**GIVEN ENTRIES**
◆ ◆ ◆ ◆ ◆ ◆ ◆

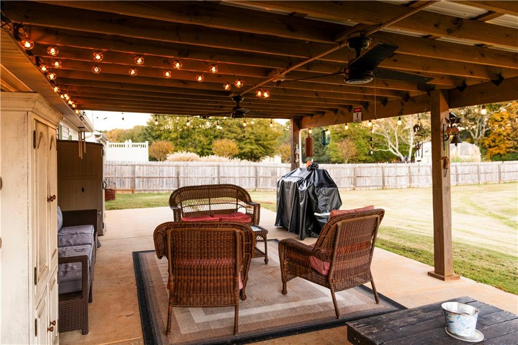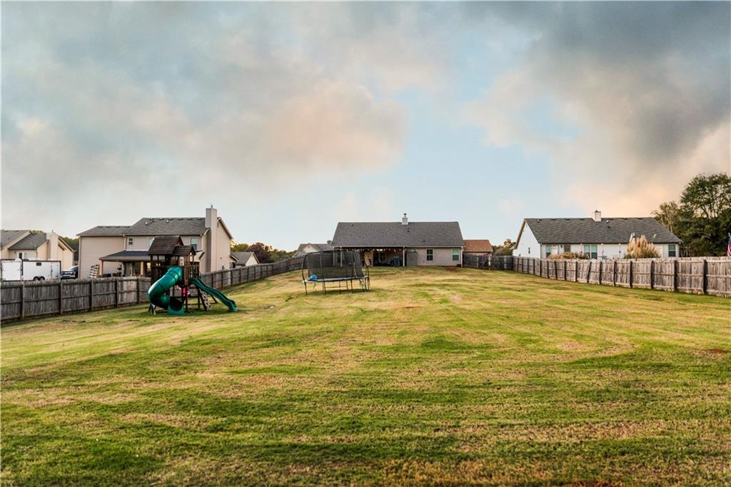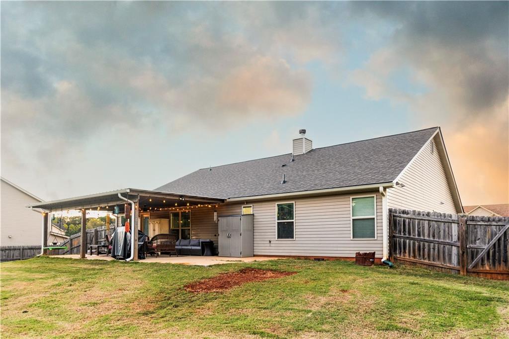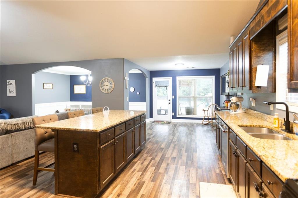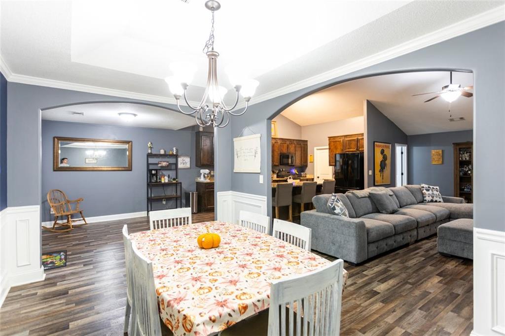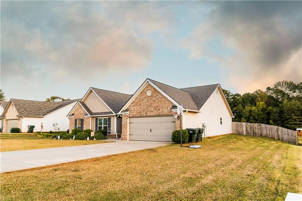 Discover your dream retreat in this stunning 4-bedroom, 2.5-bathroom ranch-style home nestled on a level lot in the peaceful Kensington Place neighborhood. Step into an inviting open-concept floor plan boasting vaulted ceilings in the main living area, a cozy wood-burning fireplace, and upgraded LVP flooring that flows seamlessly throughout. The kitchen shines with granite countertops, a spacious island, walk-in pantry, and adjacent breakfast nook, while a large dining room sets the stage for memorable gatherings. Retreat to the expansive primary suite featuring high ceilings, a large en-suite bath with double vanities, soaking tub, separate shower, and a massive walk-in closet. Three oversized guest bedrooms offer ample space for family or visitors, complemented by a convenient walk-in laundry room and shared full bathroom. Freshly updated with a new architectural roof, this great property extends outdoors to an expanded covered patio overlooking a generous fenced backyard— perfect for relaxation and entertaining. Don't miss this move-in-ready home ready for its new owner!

◆ ◆ ◆ ◆ ◆ ◆ ◆

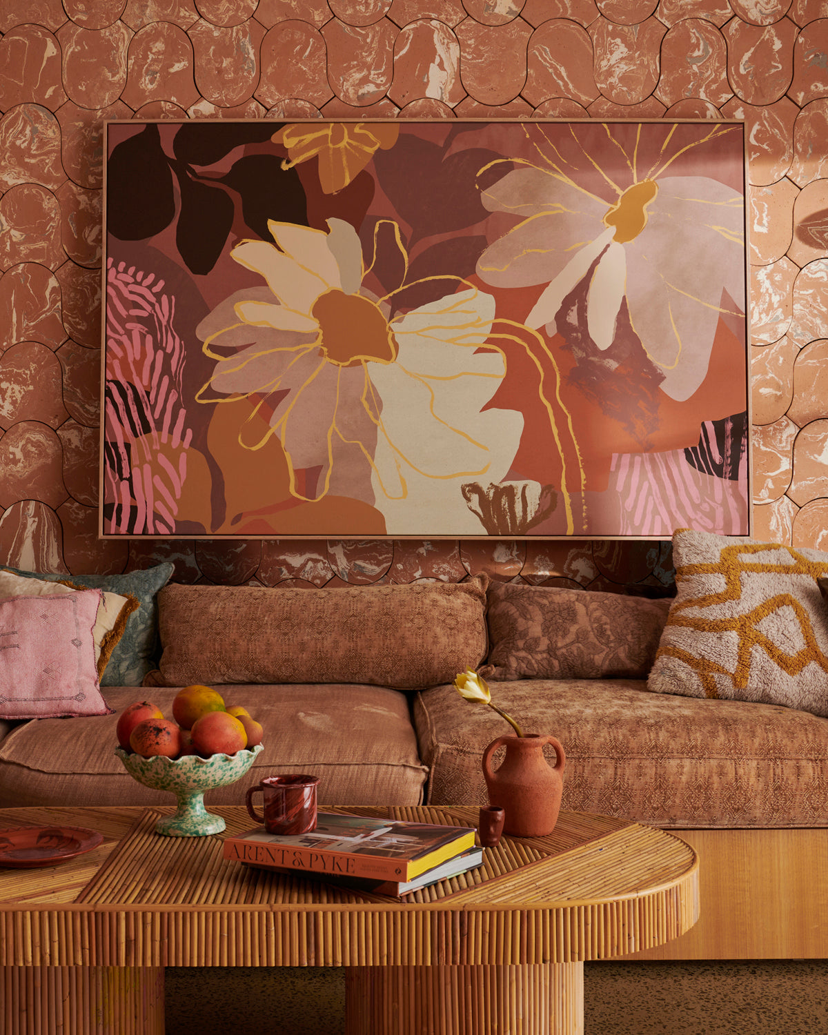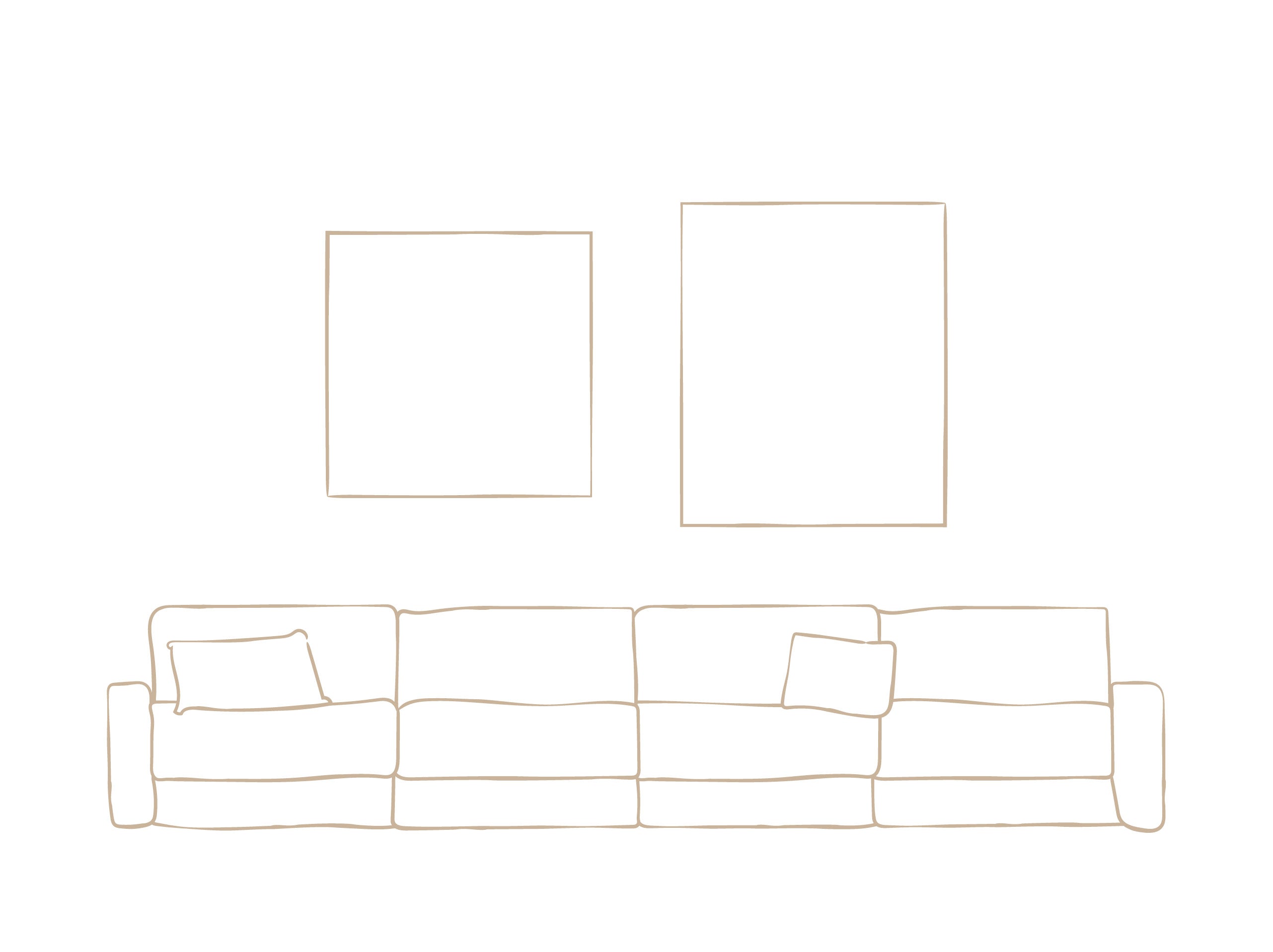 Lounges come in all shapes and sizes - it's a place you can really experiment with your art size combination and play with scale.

◆ ◆ ◆ ◆ ◆ ◆ ◆

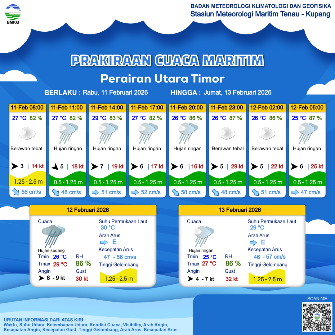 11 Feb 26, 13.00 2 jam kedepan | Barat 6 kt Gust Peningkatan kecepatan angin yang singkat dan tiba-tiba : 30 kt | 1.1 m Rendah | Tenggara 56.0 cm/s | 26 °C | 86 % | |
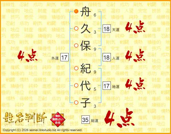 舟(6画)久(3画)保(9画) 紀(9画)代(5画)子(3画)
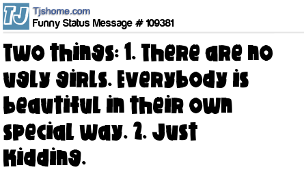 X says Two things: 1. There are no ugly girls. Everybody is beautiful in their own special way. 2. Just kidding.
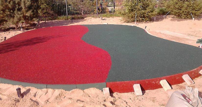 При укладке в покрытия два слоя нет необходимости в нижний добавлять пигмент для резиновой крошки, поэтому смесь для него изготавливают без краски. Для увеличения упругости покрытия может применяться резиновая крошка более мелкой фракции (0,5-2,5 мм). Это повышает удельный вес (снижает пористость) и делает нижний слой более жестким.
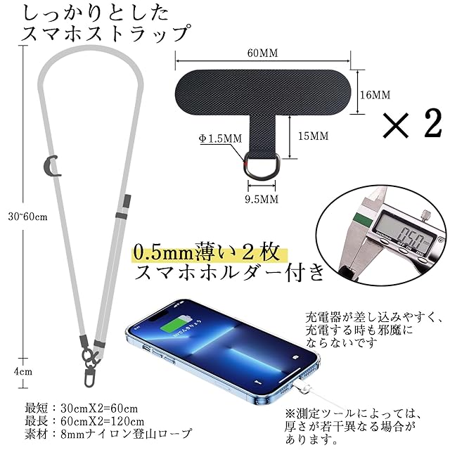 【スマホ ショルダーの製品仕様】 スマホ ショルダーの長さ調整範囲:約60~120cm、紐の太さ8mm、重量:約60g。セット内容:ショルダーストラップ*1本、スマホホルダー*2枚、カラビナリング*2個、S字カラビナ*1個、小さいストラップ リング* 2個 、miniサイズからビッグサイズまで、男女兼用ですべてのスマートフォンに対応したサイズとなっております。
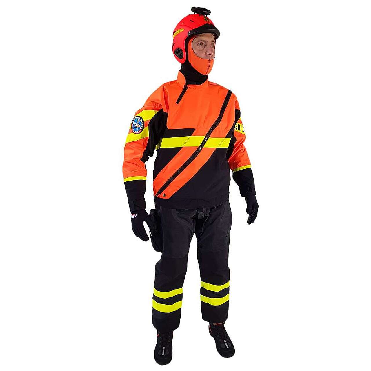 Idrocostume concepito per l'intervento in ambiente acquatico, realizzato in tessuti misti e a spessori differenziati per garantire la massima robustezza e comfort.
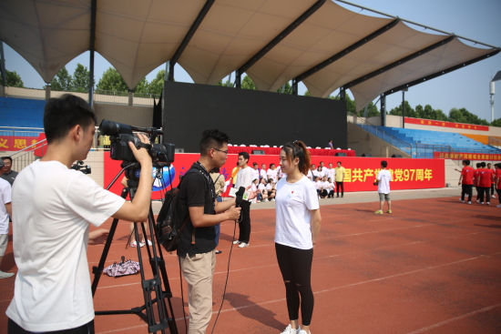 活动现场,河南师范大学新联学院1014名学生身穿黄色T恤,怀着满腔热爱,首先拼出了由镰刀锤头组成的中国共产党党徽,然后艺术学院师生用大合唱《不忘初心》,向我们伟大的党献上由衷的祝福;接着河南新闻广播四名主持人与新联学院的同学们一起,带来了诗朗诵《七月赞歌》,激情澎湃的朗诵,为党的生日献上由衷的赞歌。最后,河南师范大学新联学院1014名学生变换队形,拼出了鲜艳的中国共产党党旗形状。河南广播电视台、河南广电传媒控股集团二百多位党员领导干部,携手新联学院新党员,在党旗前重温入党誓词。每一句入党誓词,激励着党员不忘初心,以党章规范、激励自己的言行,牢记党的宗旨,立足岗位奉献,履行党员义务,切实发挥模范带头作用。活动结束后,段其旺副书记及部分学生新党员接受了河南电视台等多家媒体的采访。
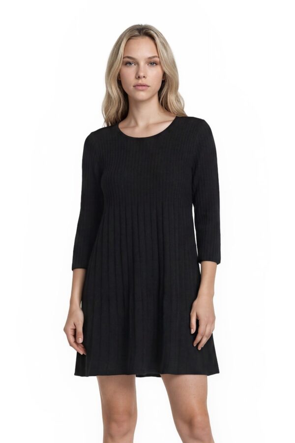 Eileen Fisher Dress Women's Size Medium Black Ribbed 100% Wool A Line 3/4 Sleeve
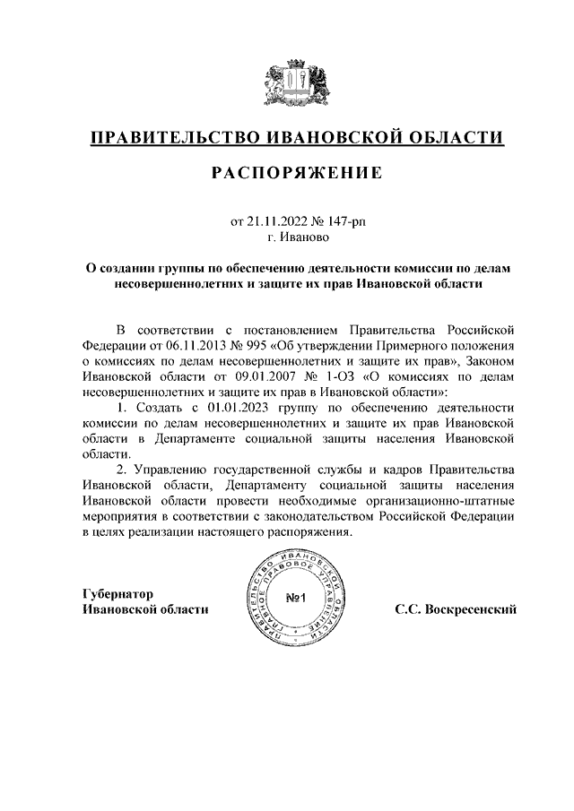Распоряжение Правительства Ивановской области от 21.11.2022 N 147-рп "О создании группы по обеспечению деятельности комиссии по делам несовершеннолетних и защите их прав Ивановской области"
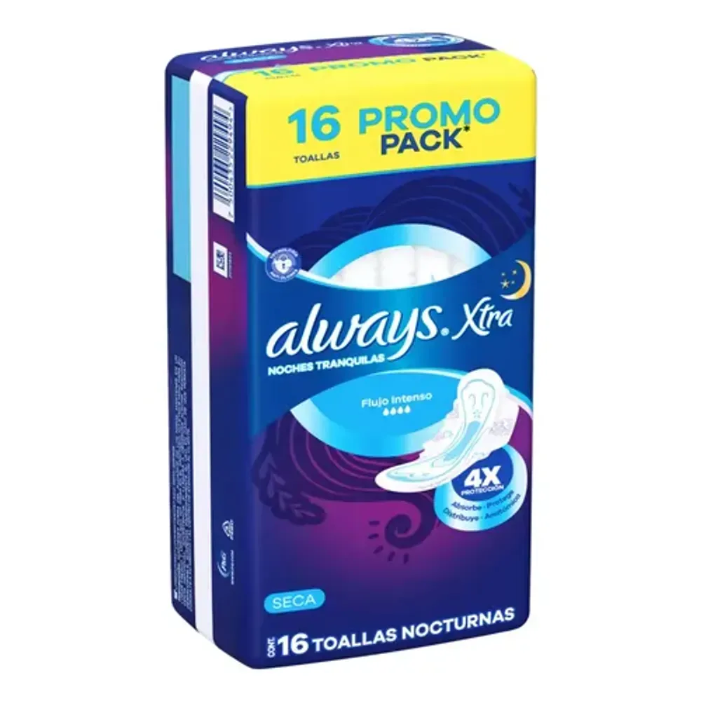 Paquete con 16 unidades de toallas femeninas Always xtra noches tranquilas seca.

◆ ◆ ◆ ◆ ◆ ◆ ◆

**EXERCISE REQUIREMENTS**
Each line between the one holding "При укладке в" and the one holding "Paquete con 16", inclusive, should be copied exactly as it appears above, and pictures should be omitted.

**RESULT FOR THIS TASK**
 При укладке в покрытия два слоя нет необходимости в нижний добавлять пигмент для резиновой крошки, поэтому смесь для него изготавливают без краски. Для увеличения упругости покрытия может применяться резиновая крошка более мелкой фракции (0,5-2,5 мм). Это повышает удельный вес (снижает пористость) и делает нижний слой более жестким.
 【スマホ ショルダーの製品仕様】 スマホ ショルダーの長さ調整範囲:約60~120cm、紐の太さ8mm、重量:約60g。セット内容:ショルダーストラップ*1本、スマホホルダー*2枚、カラビナリング*2個、S字カラビナ*1個、小さいストラップ リング* 2個 、miniサイズからビッグサイズまで、男女兼用ですべてのスマートフォンに対応したサイズとなっております。
 Idrocostume concepito per l'intervento in ambiente acquatico, realizzato in tessuti misti e a spessori differenziati per garantire la massima robustezza e comfort.
 活动现场,河南师范大学新联学院1014名学生身穿黄色T恤,怀着满腔热爱,首先拼出了由镰刀锤头组成的中国共产党党徽,然后艺术学院师生用大合唱《不忘初心》,向我们伟大的党献上由衷的祝福;接着河南新闻广播四名主持人与新联学院的同学们一起,带来了诗朗诵《七月赞歌》,激情澎湃的朗诵,为党的生日献上由衷的赞歌。最后,河南师范大学新联学院1014名学生变换队形,拼出了鲜艳的中国共产党党旗形状。河南广播电视台、河南广电传媒控股集团二百多位党员领导干部,携手新联学院新党员,在党旗前重温入党誓词。每一句入党誓词,激励着党员不忘初心,以党章规范、激励自己的言行,牢记党的宗旨,立足岗位奉献,履行党员义务,切实发挥模范带头作用。活动结束后,段其旺副书记及部分学生新党员接受了河南电视台等多家媒体的采访。
 Eileen Fisher Dress Women's Size Medium Black Ribbed 100% Wool A Line 3/4 Sleeve
Распоряжение Правительства Ивановской области от 21.11.2022 N 147-рп "О создании группы по обеспечению деятельности комиссии по делам несовершеннолетних и защите их прав Ивановской области"
 Paquete con 16 unidades de toallas femeninas Always xtra noches tranquilas seca.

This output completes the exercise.